Le peuple de Salvamer, habitué au luxe des trésors architecturaux et marins, entretient une certaine condescendance envers le reste du royaume d’Ébène. La richesse et la liberté offertes par les étendues infinies de la Vaste-Mer ont effectivement insufflé aux Salvarois une soif démesurée du raffinement et des produits rares. Toutefois, malgré leur vanité indéniable, les sujets de Salvar savent reconnaître les mérites du travail dûment exécuté et, par le fait même, font preuve d’une discipline que jalousent leurs cousins d’Avhor.
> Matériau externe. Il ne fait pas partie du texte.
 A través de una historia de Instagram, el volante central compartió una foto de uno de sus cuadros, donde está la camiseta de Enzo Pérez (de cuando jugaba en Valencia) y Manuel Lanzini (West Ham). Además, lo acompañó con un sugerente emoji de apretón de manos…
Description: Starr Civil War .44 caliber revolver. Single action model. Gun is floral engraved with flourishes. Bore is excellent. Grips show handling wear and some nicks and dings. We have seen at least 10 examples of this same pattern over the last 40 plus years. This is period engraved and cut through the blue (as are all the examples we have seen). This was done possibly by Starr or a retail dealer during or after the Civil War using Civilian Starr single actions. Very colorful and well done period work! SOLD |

La plupart des Salvamerois trouvent leur pitance dans des commerces peu lucratifs : extraction du sel dans les Saulnières, cultures maraîchères à l’ouest, réfection des vestiges de la vieille Salvar, etc. Cependant, chaque matin, les pêcheurs les plus prospères et ambitieux de la lagune et de la Baie des Crânes lèvent leurs voiles afin d’aller collecter au large des côtes les précieux trésors marins du pays. S’ils ne rechignent pas à la prise de quelques poissons ou crustacés, leur bonheur ultime réside dans la découverte de perles, blanches ou noires, et de coquillages colorés. La présence de ces produits luxueux près de Salvar explique en grande partie la prospérité du palatinat comparativement à d’autres régions au style de vie similaire. Autour de la culture des perles, des joailliers de talent ont fait leur apparition, permettant aux Salvamerois de s’affirmer comme chef de file en matière de production de bijoux et de carats dans le royaume.
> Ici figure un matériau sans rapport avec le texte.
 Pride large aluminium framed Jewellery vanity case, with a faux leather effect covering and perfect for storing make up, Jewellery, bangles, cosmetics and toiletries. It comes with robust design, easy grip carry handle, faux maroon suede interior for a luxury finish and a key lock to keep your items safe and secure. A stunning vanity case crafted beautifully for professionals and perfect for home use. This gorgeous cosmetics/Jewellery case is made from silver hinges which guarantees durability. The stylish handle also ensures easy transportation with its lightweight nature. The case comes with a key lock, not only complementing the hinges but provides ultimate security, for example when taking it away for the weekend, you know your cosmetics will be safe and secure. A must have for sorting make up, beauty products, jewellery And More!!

Sur le plan vestimentaire, les chemises et chausses bouffantes aux couleurs marines, les pourpoints et les apparats de perles et de coquillages (pour les nobles et bourgeois) sont de mise. Navigateurs invétérés et amants de l’Histoire et du raffinement, les Salvamerois, sur mer comme sur terre, se plaisent à exhiber leurs richesses et leur opulence, que ce soit par des tissus fins ou des babioles disparates.